Matanya berpencar mencari sesosok lelaki berjas putih, tapi tak kunjung ketemu, keruang tamu, ke dapur, bahkan ke halaman rumah yang masih ramai orang membereskan bekas acara.

“Cari siapa ning? ” Tanya seorang lelaki bersarung cokelat.

“Itu, si Jalal, Jalal siapa sih namanya, Jalangkung! “

“Disini dia, ning! ” Deg, Nafisah menoleh kebelakang, menemukan sosok yang sedang ia cari sedang berdiri dengan muka datar. Badan lelaki itu jauh lebih tinggi dari Nafisah, dia harus mendongak untuk bisa melihat wajah kearaban itu dengan jelas.

“Kenapa kaget? ” Tanyanya melihat Nafisah yang membungkam mulut dengan kedua tangan. Saat lelaki bernama Jalal itu hendak mengatakan sesuatu, dia malah berlari meninggalkannya sendiri.

“Nanti kalo dia marah gimana ya, kalo dia bilang ummi, pasti aku dimarahi. ” Katanya dalam hadi di dalam kamar sambil mengganti kebaya dan kerudung yang amat menyesakkan. Dia menggantinya dengan kaos pink berlengan pendek kedodoran yang sudah resmi menjadi kaos kebangsaan. Ditambah dengan sarung batik gloyor yang dia kenakan setinggi dengkul, jika sedang bersantai dikamar dia selalu memakai style seperti itu, agar tidak ribet dan kegerahan. Saat sedang sibuk menghapus make up, sebuah langkah terdengar.

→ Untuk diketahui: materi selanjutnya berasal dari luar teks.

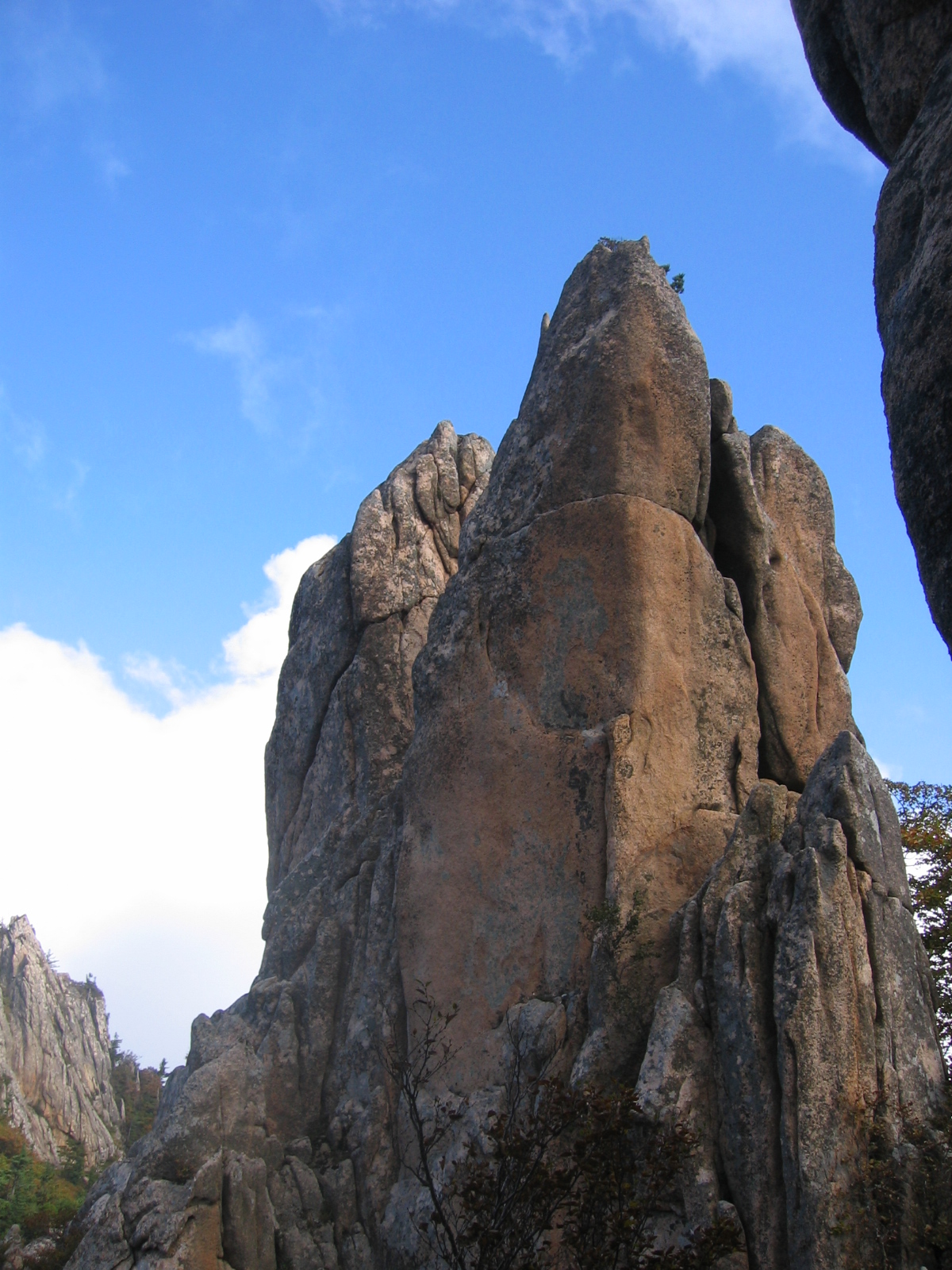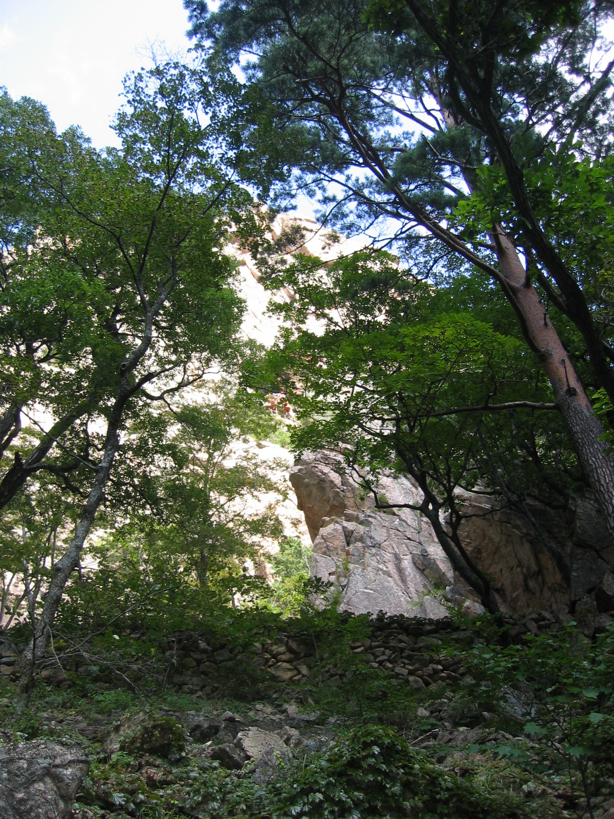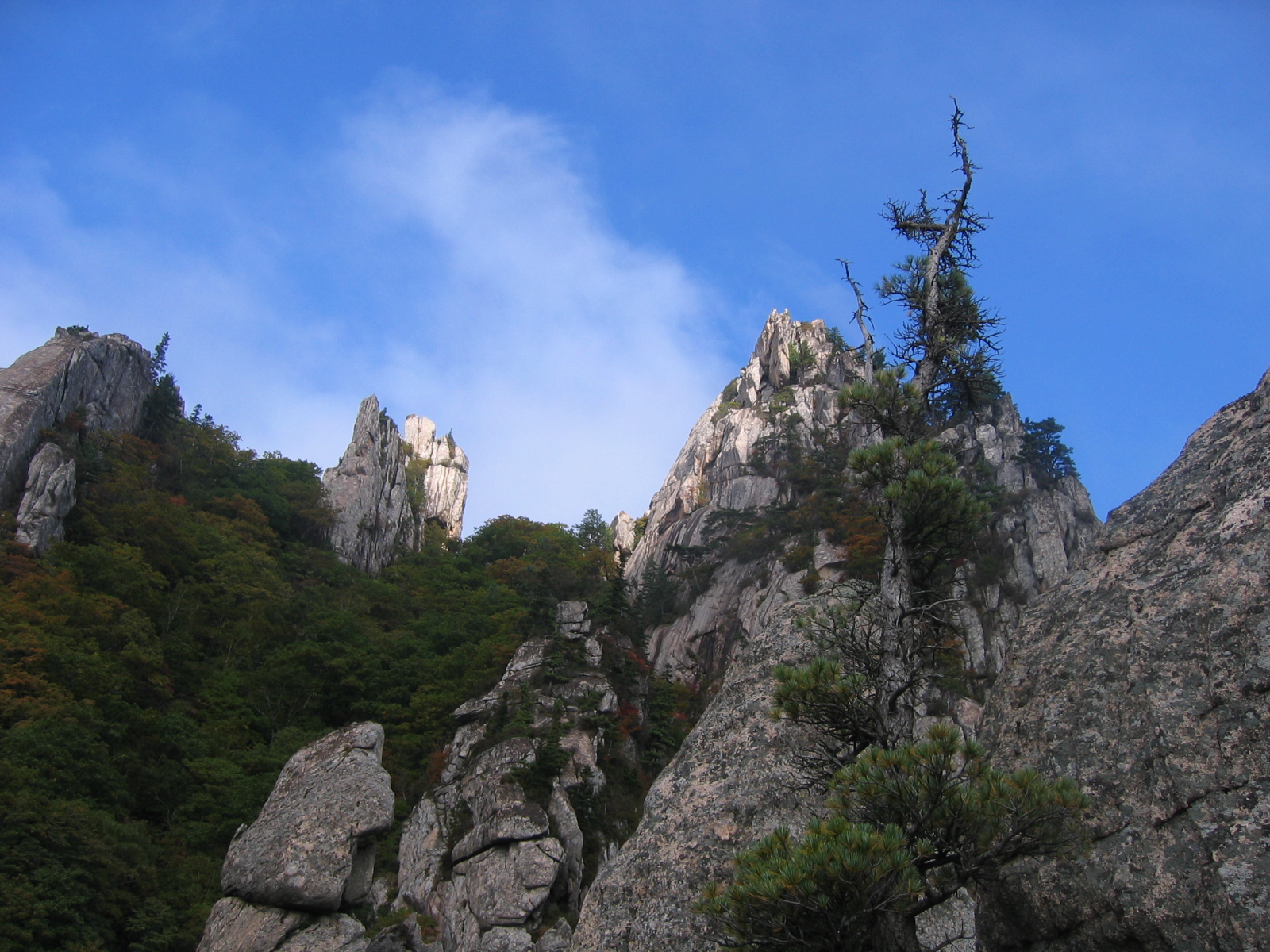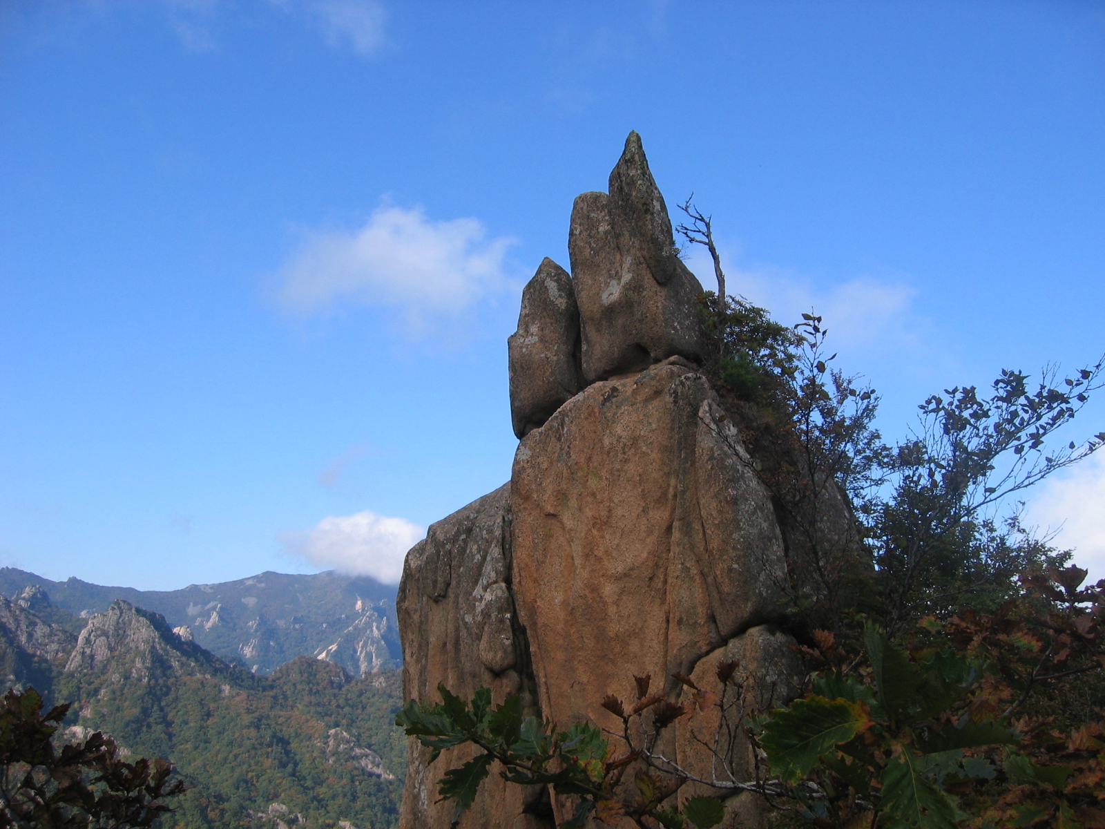 마등령에서 하산길 금강굴 직전의 기묘한 바위모습과 금강굴이 보이는 비선대

“San, tau nggak, tadi ya, aku itu nyariin si Jalal itu, terus ada yang tanya aku cari siapa, ya tak jawab aku nyari si jalangkung, eh taunya dia yang nanya, tak kira kang-kang, ternyata dia, kalo ummi tau pasti marah besar, San. Kan kamu tau, aku orangnya begini, ya gimana lagi, aku keceplosan tadi, tapi emang kaya jalangkung ya dia, dateng nggak diundang pulang nggak dianter…. “

“Ehm.. ” Sebuah deheman berhasil membuatnya menunduk menutup mulut. Dia sama sekali tak berani menoleh, setiap ummi berdehem pasti setelahnya akan marah besar.

“Ummi.. ” Suara Jalal membuatnya menoleh.

“Oh nak Jalal, ini si Nafis disini, ummi kira dia kabur kemana. ” Kata ummi kemudian meninggalkan kamar, dari sorot matanya pasti ummi akan meluapkan amarah nanti disaat yang sangat tepat. Setidaknya Nafisah sedikit lega, meskipun harus menunggu saat dia dimarahi ummi.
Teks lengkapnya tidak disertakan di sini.